Like many American businesses, apartment communities play musical works in common areas, such as reception areas, foyer or lobby spaces, leasing offices or elevators. Music is also commonly played or provided around pool facilities, in dining areas, along walking paths, in on-site fitness centers and clubhouses, or similar social spaces. In accordance with existing copyright law, the playing of music in these areas is considered a “performance” of such work, which may require owners and operators to obtain licenses from Performing Rights Organizations (PROS), including ASCAP, BMI and SESAC.
In exchange for a licensing fee, PROS grant the apartment owner or operator the right to play copyrighted music legally in apartment community public spaces. Over the past decade, activity by the PROs to collect licensing fees from apartment communities and other end users has increased substantially. NAA/NMHC responded by providing guidance to members on the basics of federal copyright law and how to evaluate whether or not licensing fees are required. Further, NAA/NMHC partnered with copyright experts to clarify music licensing requirements in some critical, specific scenarios such as music or televisions in fitness centers and on treadmills.

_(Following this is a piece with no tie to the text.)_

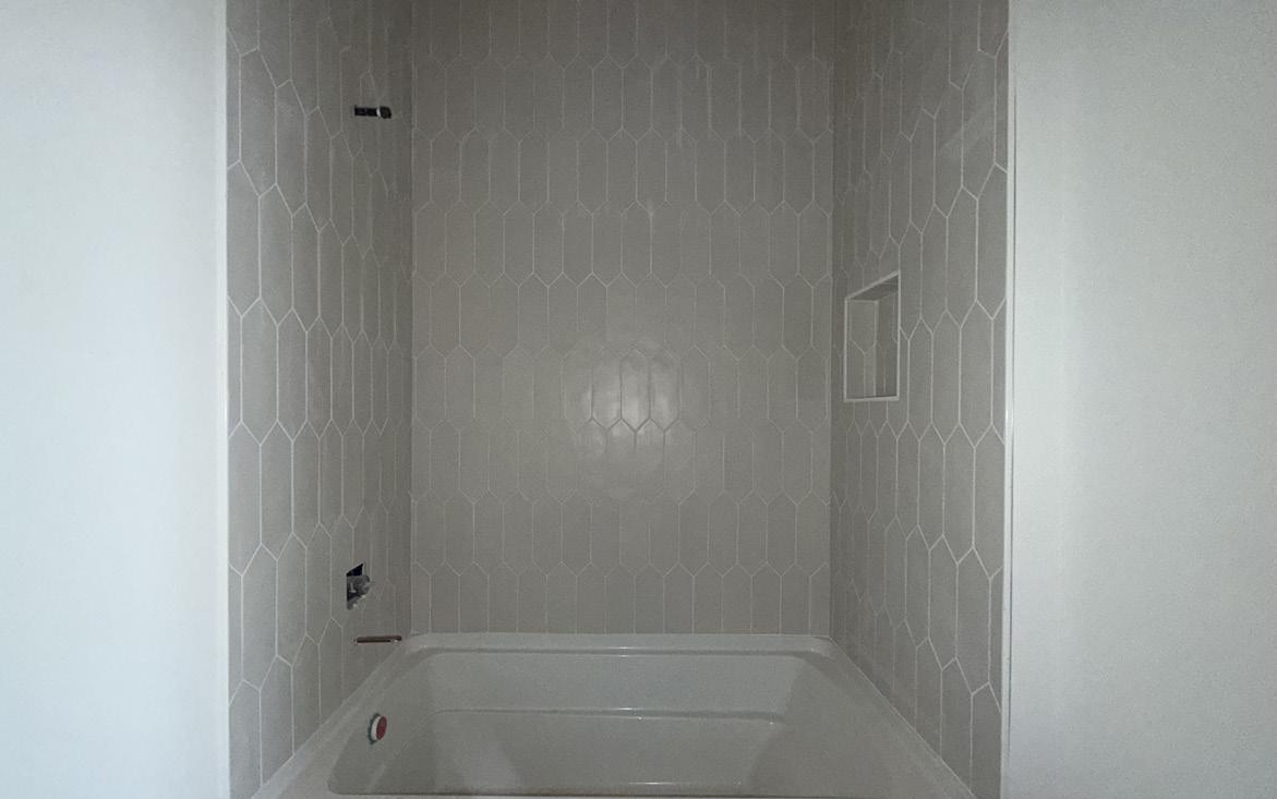 This spacious bedroom offers a private en suite bathroom with a tub-shower combination, featuring a striking rectangular-hexagonal tile surround that extends to the ceiling. A generous walk-in closet with wood shelving provides ample storage, while a unique multicone light fixture adds a modern, artistic touch to the room.

Despite rigorous work on the part of apartment owners and operators to understand and comply with copyright law, there remains a lack of transparency in the current marketplace for music. Reliable ownership information is sparse and not readily available on who owns the music and to whom the licensing fees should be paid. This creates a duplicative licensing administration system. Additionally, there is a strong need for more specificity in the law about what might trigger music licensing requirements at an apartment community. Finally, there exists consent decrees governing music societies which are critical to ensuring a competitive marketplace for musical works, facilitating delivery of licenses in a predictable manner and providing for fair treatment of end-users.
The apartment industry urges Congress to do the following:
- Enact copyright and music licensing reforms to reduce compliance burdens for apartment communities and enable greater transparency in the ownership of musical works so that end-users are clear about who they must pay.
- Define the space within apartment communities where played music requires licensing as only those areas not designated for residents only.
- Preserve the existing consent decrees governing ASCAP and BMI and continue the fair competitiveness of the music marketplace.
Music licensing obligations must be made clearly understandable to apartment owners and operators, in order to effectively determine when a license might be required, and what type of license is appropriate for the apartment community.